Welcome to WebmasterWorld Guest from 18.104.22.168
'First click free' is a bit vague if you ask me. Is that the first click from the visitor, or the first page served after a Google referral? I imagine Google would prefer the latter. Tease-cloaking, I call it ;)
And of course, everyone will have their favourite "but example.com is cheating!" story. The reality is, these sites may be taking a risk and either happen to be undetected, or are significant enough to bend the rules a little. That's life! :)
Serve largely the same content per URL
She goes on to clarify that you can insert some dynamic portions into the page via IP detection, but you should "contain them or limit them to just small areas" of the total page. So there is no requirement from Google that the entire page will be exactly the same, no matter where the IP address for that request comes from.
A program such as md5sum or diff can compute a hash to verify that two different files are identical.
Of course, the two aren't mutually exclusive, although I think there is an implication there.

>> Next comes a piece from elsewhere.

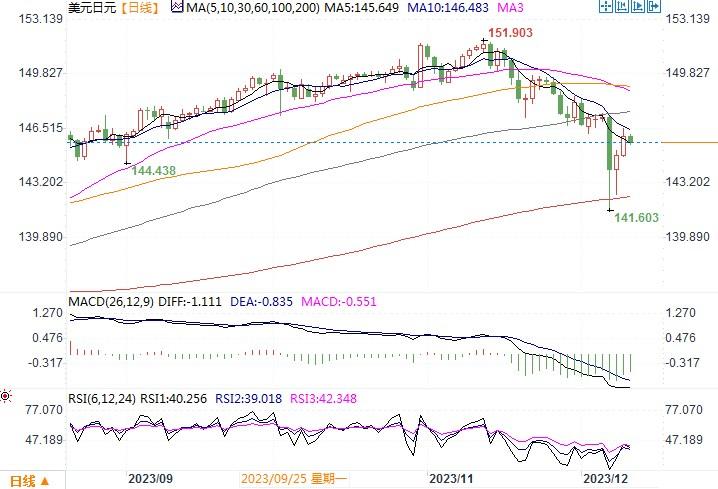 周一(12月11),美元兑日元一度高见146.58,盘尾收报146.14,当天上涨0.85%。日元兑美元几乎回吐了上周四的大部分涨幅。日元上周四急升,主要是此前日本央行总裁植田和男表示,一旦短期借贷成本离开负值区域,央行在利率目标设定上将有多个选项。不过,彭博新闻周一援引知情人士报导称,日本央行官员尚未看到证据表明工资增长力道足以合理化在本月结束超宽松货币政策。而且植田上周的话实际上并没有具体表明他们将结束负利率政策。随着结束负利率预期高温的消退,叠加美元因非农强劲回升的影响,美元/日元在空头回补力量推动下不断缩减来自上周的跌幅。接下来,交易员的目光将投向周二美国的消费者物价通胀数据以及周三召开的利率会议。纽约联储周一公布的一项调查显示,随着预计汽油和租金成本涨势将放缓,11月美国消费者的一年通胀预期降至逾两年来最低水平。而且市场预期本月的利率会议,美联储仍会按兵不动。若最终结果如上述预期一致,那么美元/日元的回升脚步估计要停歇下来。从小时图上观察,美元/日元在146.40附近遇阻,出现超买调整的走势姿态。日线图上,美元/日元仍处在下降通道内,下方145.00的支撑位较为关键,若跌穿,美元/日元将继续行进在下降通道中。而上方一旦突破147.50-148.00区域,美元/日元整体走势有可能会发生根本性的方向转变。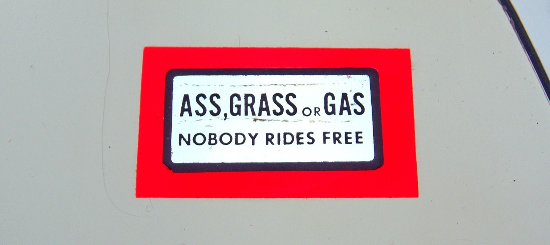 Ass, Grass or Gas Nobody Rides For Free Sticker added on top of the remnants of the previous sticker.

So Can I decide who my users are? Some sites have their user base in US only. Some "Users" in US that are specifically located(IP based) and coming from a known COLO/Hosting Ranges get the same exact treatment as a users that is coming from(IP based) and searching(referral) for given sites' contact info and are coming from West Africa. First Click Suggestion does not apply here at all, sorry. Is there a term that applies to White Hat Cloaking? Oh, I now, Site Security!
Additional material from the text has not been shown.